Crimsons charting course to the top

Bad news for all those fed up with endless images of Crimson Finches from Tyto. You're in danger of finch flood from Townsville Common.

But it's not my fault. Deep research (10 minutes on ebird) this morning reveals the Crimsons are taking over. From none (yes, none) listed in 2009, Crimsons now rank more or less equal with Double-barreds in sighting frequency and numbers. Left trailing, Chestnut-Breasted Mannikin and Scaly-breasted Munia (Nutmeg Mannikin), which just five years ago ruled with Double-barreds.

What's more (or maybe less, who knows?), Crimsons like water, and Townsville's been particularly dry for 5-6 years.

But so as not to be accused of speciesism, here's the other finch frontrunner.
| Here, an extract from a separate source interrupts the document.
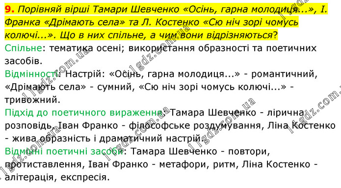 9. Порівняй вірші Тамари Шевченко «Осінь, гарна молодиця...», І. Франка «Дрімають села» та Л. Костенко «Сю ніч зорі чомусь колючі...». Що в них спільне, а чим вони відрізняються? Спільне: тематика осені; використання образності та поетичних засобів. Відмінності: Настрій: «Осінь, гарна молодиця...» - романтичний, «Дрімають села» - сумний, «Сю ніч зорі чомусь колючі...» - тривожний. Підхід до поетичного вираження: Тамара Шевченко - лірична розповідь, Іван Франко - філософське роздумування, Ліна Костенко - жива образність і драматичний настрій. Відмінні поетичні засоби: Тамара Шевченко - повтори, протиставлення, Іван Франко - метафори, ритм, Ліна Костенко - алітерація, експресія.

Can DBs keep up with competition? I suspect they're slightly less adaptable. So, my money's on the Crimsons if the conditions that have brought about the dramatic change in their numbers, whatever they may be, continue. They'll outbreed the others.


john said...

Who could get tired of Crimson Finches? Double-barred Finches are no less impressive. Since weather conditions fluctuate constantly, back and forth over time like a pendulum, bird distribution and abundance follows along. Enjoy what you have until it changes. Great photos of great little birds.

Tony Ashton said...

Pendulum? I think more of a dangling rope with mad monkeys swinging on it. Much is chaotic and boundaries are barely discernible. The naked ape and the mad monkeys. It's good to be alive!